One of the bigger changes from the Tax Cuts and Jobs Act (TCJA) is the tax treatment of business income. The media did a pretty good job of reporting on the reduction of corporate tax rates, but they haven't done as well reporting on tax treatment of pass-through entities. That might be because it is pretty complicated. But if you're self-employed as a business owner or an independent contractor, it could, and most likely will, apply to you.

Let's start with defining a pass-through entity. Simply, a pass-through entity is one that passes income through the entity and onto the tax return of the business owner or contractor. Sole proprietors and partnerships, plus S-corporations and limited liability companies (LLCs) that chose to be taxed as a sole proprietors or partnerships, are pass-through entities.

If you operate as one of the entities, you likely have qualified business income (QBI). If you do, you will be able to reduce your income by 20 percent of your QBI. This is commonly called the QBI deduction. However, like most things with the Internal Revenue Code, it isn't quite that simple.

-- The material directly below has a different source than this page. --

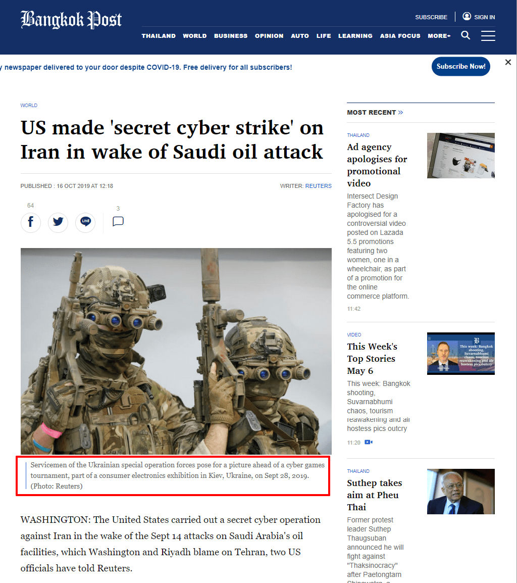 عثر فريق منصة فتبينوا على صورة الادعاء ذاتها في صحيفة “بانكوك بوست” مرجعة حقوق الصورة إلى وكالة الأنباء رويترز،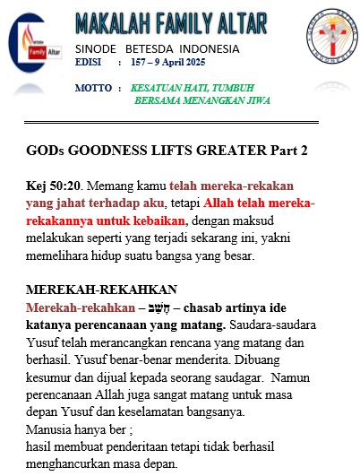 Kej 50:20. Memang kamu telah mereka-rekakan yang jahat terhadap aku, tetapi Allah telah mereka-rekakannya untuk kebaikan, dengan maksud melakukan seperti yang terjadi sekarang ini, yakni memelihara hidup suatu bangsa yang besar.   MEREKAH-REKAHKAN Merekah-rekahkan – חָשַׁב – chasab artinya ide katanya perencanaan yang matang. Saudara-saudara Yusuf telah merancangkan...

It is important to note that as of this writing, the IRS has only produced proposed regulations. We can anticipate that the final regulations will be similar.

If your business exists to produce or sell a product, the QBI deduction almost certainly will be available to you. This is because Congress wanted to encourage business creation and growth. Conversely, if you are self-employed and the primary source of your income is a result of your labor, then you might have some issues.

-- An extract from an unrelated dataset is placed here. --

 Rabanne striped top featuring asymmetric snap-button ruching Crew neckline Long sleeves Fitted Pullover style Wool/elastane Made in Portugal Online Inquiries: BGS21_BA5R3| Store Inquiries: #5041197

The TCJA specifically lists businesses that are Specified Service Trade or Business (SSTB). These businesses are in the following fields: health, law, accounting, actuarial science, performing arts, consulting, athletics, financial services, brokerage services, or any trade or business where the principal asset of such a trade or business is the reputation or skill of one or more of its employees. So if you're an independent contractor/consultant, you're probably a SSTB. If your business is an SSTB, then your deduction could be limited if your income is too high. The good news is “too high” is pretty high. If your business is a SSBT and your adjusted gross income is below $315,000 for married couples filing jointly and $157,500 for all others, then you get the full 20-percent deduction. If your income is above the threshold, then your deduction will phase out subject to other testing. The testing is too complex to explain here, and I suspect it won't apply to too many taxpayers.

While it looks like many will qualify for this deduction, one other area still remains unclear. The QBI deduction is not available for business income that is reasonable compensation to the owner for the services rendered. Reasonable compensation has always been an issue for businesses organized as S-Corporations. It might become an issue for sole-proprietors as well.